East Lake merupakan tempat wisata di Wuhan yang menawarkan pemandangan indah danau kedua terbesar di daerah urban China. Danau ini terdiri dari beberapa pulau-pulau yang dikelilingi dengan berbagai macam tumbuhan.

Kita bisa melihat berbagai macam jenis burung yang terbang di atas danau. Dari tempat ini, kita juga bisa melihat bunga yang berbeda di setiap musim. Sakura di musim semi, teratai di musim panas, warna merah dan oranye daun-daun saat musim gugur, dan bunga plum blossom di musim dingin.

Wuhan University

Wuhan University (c) google

Wuhan University menjadi salah satu tempat wisata di Wuhan karena memiliki pemandangan indah, terutama saat bunga sakura bermekaran di musim semi. Kita juga bisa melihat dan mengagumi bangunan dengan perpaduan arsitektur China dan barat.

Hubei Provincial Museum

credit: wikipedia

Terletak di dekat East Lake, Hubei Provincial Museum merupakan salah satu museum terbaik China. Museum ini terbagi menjadi tiga bagian ruang pameran: Chime Bells, the Chu Culture, dan Comprehensive.
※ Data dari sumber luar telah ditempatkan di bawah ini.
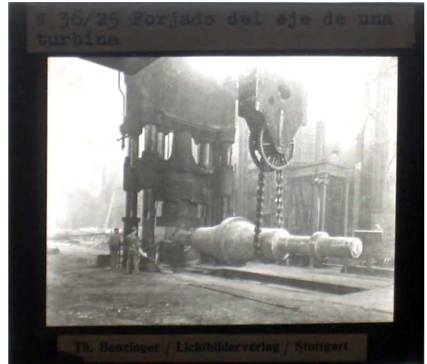
Forjado del eje de una turbina.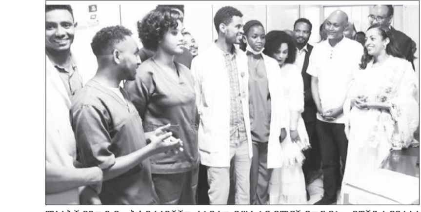
ሚኒስትሯ በዓውደ ዓመት ከቤተሰቦቻቸው ተሰይደው በሥራ ላይ የሚገኙ የጤና ባለሙያዎችን ሲያበረታቱ

የጤና ሚኒስቴር አመራር እና ሰራተኞች ይህን የህብር ዕለት "ጤናማ ትውልድ ለአብሮነትና ለሀገር ግንባታ" በሚል አብሮነትን በሚያጠናክር መሪ ሀሳብ ነው ያከናወኑት። በአካባቢ ሥነ- ሥርዓቱ ላይ የጤና ሚኒስትሯ ዶ/ር መቅደስ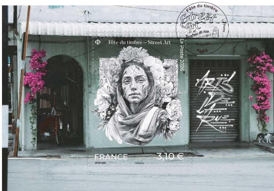
Visuels d'après maquettes - Couleurs non contractuelles/disponibles sur demande

La FÊTE DU TIMBRE 2026 se déroule dans 75 villes de France, du 6 au 8 mars 2026 sur les arts de la rue.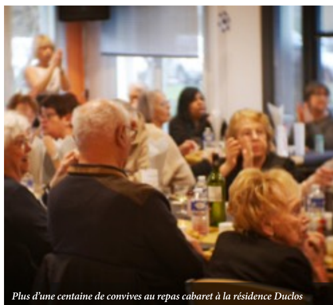
Plus d'une centaine de convives au repas cabaret à la résidence Duclos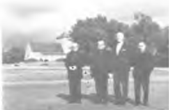
NJDR BISKUP PO PROHLÍDCE NEJVĚTŠÍHO OBRAZU SVĚTA STYKOVA DILA "UKŘÍŽOVÁNÍ".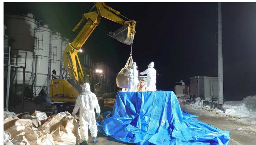
②2022. 12. 21 (16-18 時) フレコンバッグの積み込み作業 2

Begitu Beragam Tempat Wisata di Wuhan Yang Traveler Bisa Kunjungi

Nah itu tadi beberapa tempat tempat wisata di Wuhan yang bisa dikunjungi. Sebenarnya masih ada tempat lain yang bisa dikunjungi di kota ini. Kita bisa mencapai Wuhan dengan berbagai macam transportasi dari kota-kota besar seperti Beijing, Shanghai, dll. Selain melalui udara , kita bisa menggunakan kereta atau bus.

Semoga wabah corona di Indonesia dan seluruh dunia bisa segera diatasi dan berakhir 😇. Untuk sekarang, tetap #dirumahaja dulu yah.